Reserve Bank of India Governor Shaktikanta Das Saturday said that the inflationary impact of government spending as outlined in the Union Budget for 2020-21 won’t be much, adding that the government has adhered to the principle of fiscal prudence. The transmission of rate cuts has been “steadily improving” and is expected to improve further in the coming months, he added.
“With regard to the impact of the rate cut plateauing out, I would not entirely agree with that because transmission of rate cut has been steadily improving. If you recall, in December MPC when we met, the transmission to fresh rupee loans was in the order of about 49 basis points. In this monetary policy, we have said that it has improved to 69 basis points. It is the consequence of the rate cut, surplus liquidity that we ensure in the system and third, and very important, the external benchmarking which was brought into operation from October 1 onwards. Transmission is slowly and steadily improving and it should improve even more in the coming months,” Das said after the central board meeting where Finance Minister Nirmala Sitharaman addressed the board after the Budget.
The RBI has cut its policy rate by 135 basis points in the last year. The RBI in its last monetary policy review meeting held on February 6 had maintained the status quo on the key policy rates citing growth-inflation dynamics. It had stated that the inflation was on a rising trajectory through the fourth quarter of 2019-20 and its outlook remains “highly uncertain.”
When asked if the RBI is relooking at the inflation target set in the Monetary Policy Framework, given the rising inflation, the RBI Governor said an internal review of the impact of Monetary Policy Framework is being undertaken currently within the RBI and if required, the central bank will have a discussion with the government. “Monetary policy framework has been in operation for the past 3.5 years. Internally we are reviewing, we are analysing how MPC framework has worked over the last 3.5 years. There is already an internal review process going on. At the appropriate time if required we will have dialogue and discussion with the government. At the moment, it is under review within the RBI,” he said.
As per the Monetary Policy Framework, the RBI’s medium-term target for consumer price index (CPI) inflation is 4 per cent within a band of plus or minus 2 per cent. The central.government had notified the target for the period from August 5, 2016, to March 31, 2021, with the amended RBI Act providing for the inflation target to be set by the Government of India, in consultation with the Reserve Bank, once in every five years.
On the impact of Budget on inflation, Das said the escape clause used by the government is well within the parameters set by the FRBM committee. “The direct inflationary impact of any Budget is fiscal deficit number when borrowing goes up, but the government has adhered to the principle of fiscal prudence.
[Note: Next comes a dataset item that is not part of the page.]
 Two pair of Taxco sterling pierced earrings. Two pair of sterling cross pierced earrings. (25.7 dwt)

The escape clause under FRBM Act, the deficit number in the current year as well as the next year are very much within the parameters set as per FRBM committee recommendations. The good part of the government borrowing is also budgeted to come from small savings. Therefore, I don’t see much of an inflationary impact,” he said.
The RBI Governor said that declining crude prices has definitely a positive impact on inflation and it will not lead to a spike in inflation. “The main reason for the spike in inflation is because of food inflation, mostly milk, fish, and various protein-related items. Core inflation has slightly edged up because of revision of telecom tariffs, so therefore, I don’t see much of an impact (of Budget) on inflation,” he said.
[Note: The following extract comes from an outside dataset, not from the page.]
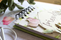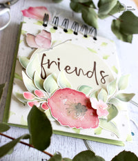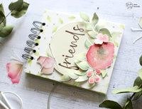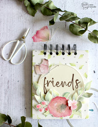 La scritta "friends", che può essere utilizzata anche al singolare, grazie alla "s" staccata, è del set di timbri *Friends*, ed è timbrata su un cerchio ottenuto dalla fustella *Dashing Circles* da un pezzetto di *Carta Woodstock Betulla*, che, ti avviso, è il mio mai-più-senza dell'anno, è bellissima, ha una buona grammatura che quindi si presta a diversi scopi ma soprattutto a colpo d'occhio potrai notare che nell'impasto della carta sono dispersi dei piccoli pezzi di legno che rendono ogni foglio diverso e sicuramente più interessante.

Consumer Price Index (CPI)-based retail inflation surged to 7.59 per cent in January as against 7.35 per cent in December. The spike in retail inflation was stoked by higher price levels of food items such as vegetables, eggs, meat and fish and fuels. The MPC has sharply raised consumer price inflation projection to 6.5 per cent for the fourth quarter of fiscal year 2020 from 5.1-4.7 per cent earlier. The panel pegged CPI inflation for the first half of FY21 at 5.4-5.0 per cent compared with 4-3.8 per cent earlier.